The inspection options under discussion fall short of the ATSRAC’s earlier concept. In previous meetings, the ATSRAC endorsed improved training on electrical wiring for maintenance technicians, and it called for a new battery of general, visual, and detail visual inspections (GVI/DVI) by zone in the aircraft or aircraft wiring. Known as EZAP, for enhanced zonal analysis program, these inspections were envisioned as a subset of a broader activity, including aircraft structure and other systems, known as EAPAS (enhanced airworthiness program for airplane systems).

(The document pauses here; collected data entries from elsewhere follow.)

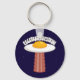 Vector cartoon illustration of a delicious sunny side up fried egg UFO with a yummy bacon slice tractor beam with EGGSTRATERRESTRIAL text. Keywords: egg, bacon, breakfast, UFO, alien, sunny, side, cartoon, space, extraterrestrial, food, cute, yolk, sci-fi, science, fiction, martian, humor, meat, pork, abduction
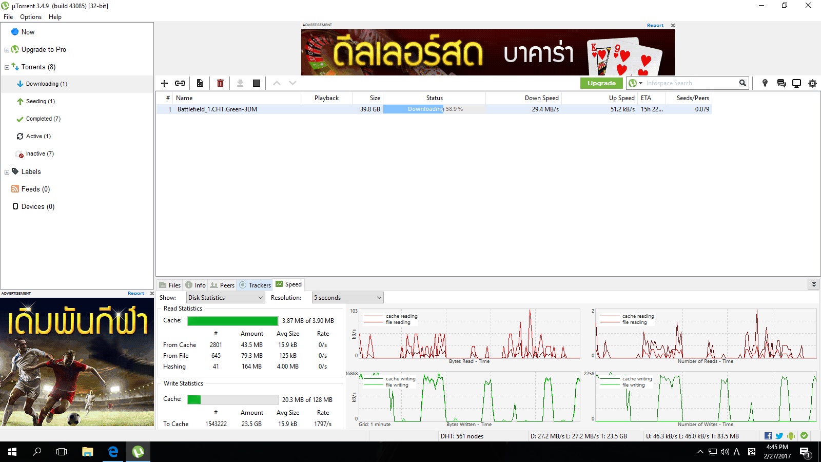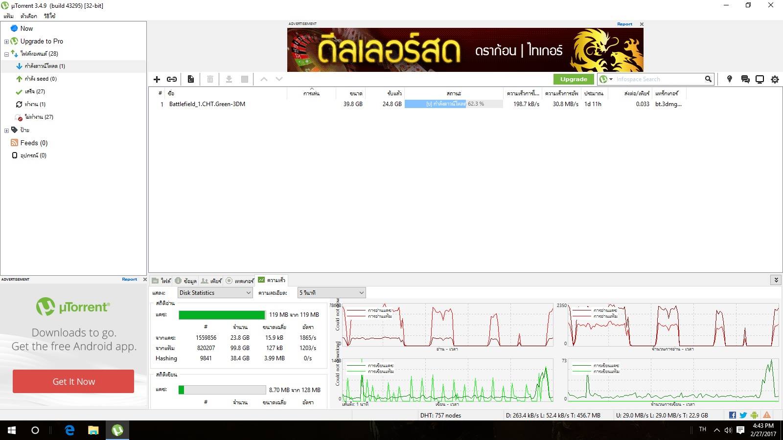 Utorrent ทำไมอัตราดาวโหลดมันต่างกันมากแบบสุดๆทั้งที่เน็ตเดียวกัน
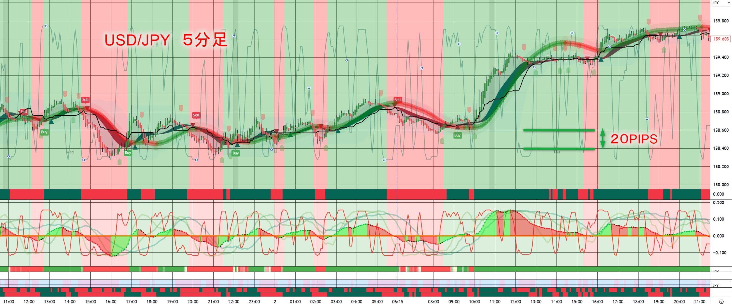 上のチャートは5分足でY軸の一マスは20ピップス。この一マスは10万ドル通貨で2万円。100万ドル通貨で20万円の動き。
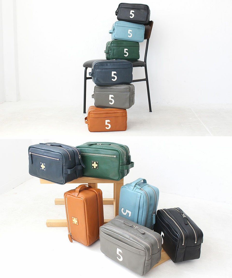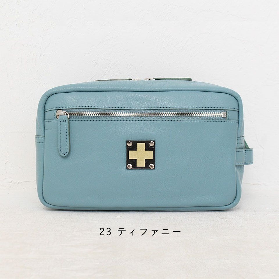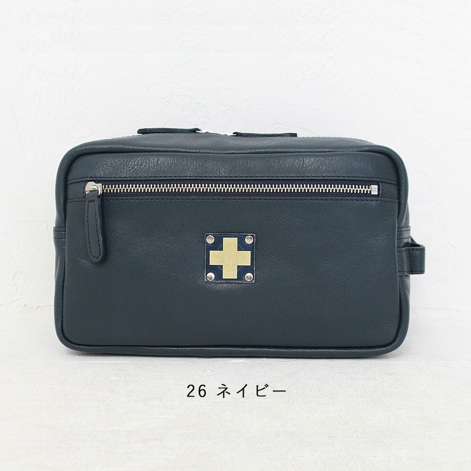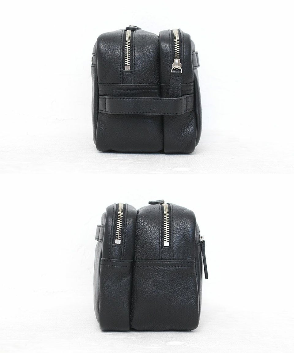 財布、スマホ、メガネ、パスポート、充電器など身の回りのものをすっきりと収納できるオールレザーポーチ。

In its original concept, EZAP envisioned an analysis of all wiring installed in the aircraft, in which a decision matrix would be used, such as whether the wiring is located next to combustible materials, whether it’s within two inches of primary and backup flight controls, and so forth, to determine which wires would be identified for added GVI and DVI scrutiny. Analyzing all wiring installed during original manufacture, or subsequently retrofitted into the aircraft under supplemental type certificate modifications, was deemed prohibitively expensive when combined with the recommended technician training. ATSRAC discussions have focused on initial EZAP-type inspections of cockpit wiring, electronic and equipment bay wiring, and power feeder cables.

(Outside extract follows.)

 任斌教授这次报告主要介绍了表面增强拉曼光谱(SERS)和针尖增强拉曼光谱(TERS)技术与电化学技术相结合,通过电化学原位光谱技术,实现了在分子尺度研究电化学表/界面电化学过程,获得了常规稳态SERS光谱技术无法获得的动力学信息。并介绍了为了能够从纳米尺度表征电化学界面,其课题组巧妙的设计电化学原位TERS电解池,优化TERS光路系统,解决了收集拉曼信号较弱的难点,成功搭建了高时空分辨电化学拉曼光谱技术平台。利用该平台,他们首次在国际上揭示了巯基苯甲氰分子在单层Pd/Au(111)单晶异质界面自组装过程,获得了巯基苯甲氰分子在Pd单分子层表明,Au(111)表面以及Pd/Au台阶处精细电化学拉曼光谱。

Even with the reduced scope, any regulatory activity for improved maintenance technician training and for conducting EZAP inspections must be justified on cost-benefit grounds.
"We want to implement the full suite of ATSRAC recommendations, but it it’s not cost-beneficial, we can’t do it," said ATSRAC executive director Charles Huber. Huber, who also is an FAA official, said any proposed FAA rulemaking involving costs that exceed benefits "is DOA [dead on arrival] at OMB [Office of Management and Budget]."

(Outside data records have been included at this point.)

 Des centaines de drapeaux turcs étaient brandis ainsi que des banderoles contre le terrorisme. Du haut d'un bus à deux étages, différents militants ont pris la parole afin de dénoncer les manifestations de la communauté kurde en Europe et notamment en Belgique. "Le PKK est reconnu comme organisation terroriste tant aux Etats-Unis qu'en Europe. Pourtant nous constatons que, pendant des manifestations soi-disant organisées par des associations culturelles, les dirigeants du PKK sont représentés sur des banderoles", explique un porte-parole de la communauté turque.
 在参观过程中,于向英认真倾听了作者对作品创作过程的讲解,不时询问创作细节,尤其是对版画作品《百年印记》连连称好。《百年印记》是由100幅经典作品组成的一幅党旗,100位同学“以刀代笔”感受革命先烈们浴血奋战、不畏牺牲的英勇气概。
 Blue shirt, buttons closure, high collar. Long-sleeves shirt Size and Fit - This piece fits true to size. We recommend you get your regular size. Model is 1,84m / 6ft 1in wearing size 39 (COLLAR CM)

Producing a credible cost benefit for wiring is particularly challenging, because there is no uniqued code for recording wiring-specific failures in the service difficulty reporting system and in other maintenance-related databases. Therefore, quantifying the cost of an unscheduled landing–and showing the benefit of avoided unscheduled landings–is a Catch 22. The number of flight diversions or turnbacks cannot be directly attributed to wiring because there is no code for reporting wiring problems.
Moreover, the benefits of any safety initiative typically are related to an accident, and the FAA does not presently have an accident to cite as justification for improved training and inspections related to wiring. The 1996 explosion of TWA Flight 800, a Boeing 747, was used to justify the change-out of metalized Mylar thermal acoustic insulation blanketing in the fleet of Douglas-built aircraft. While faulty wiring was involved in both cases, and accidents frequently can involve a multiplicity of contributing factors, an accident can only be used once for rulemaking purposes, FAA officials said. EZAP inspections could cost $100 million to $250 million or more. Wiring faults were seminal to the TWA and Swissair disasters. With a combined death toll of 459 passengers and crew, with the statistical value of a life of $3 million, those lives saved (or deaths avoided) would provide more than $1.3 billion in benefit.
Lacking an "unused" accident and the challenge of producing a credible cost benefit, ATSRAC members are looking at how existing rules can be capitalized upon to make progress.
"If we’re making use of an existing rule, we don’t have to cost it out," Sobeck said. For example, Part 121 of the FAA regulations, which applies to scheduled carriers, requires them to conduct maintenance training not only for their own personnel fur also for maintainers at repair stations to whome maiantenance may be "outsourced." these repair stations are covered by Part 145 of the regulations.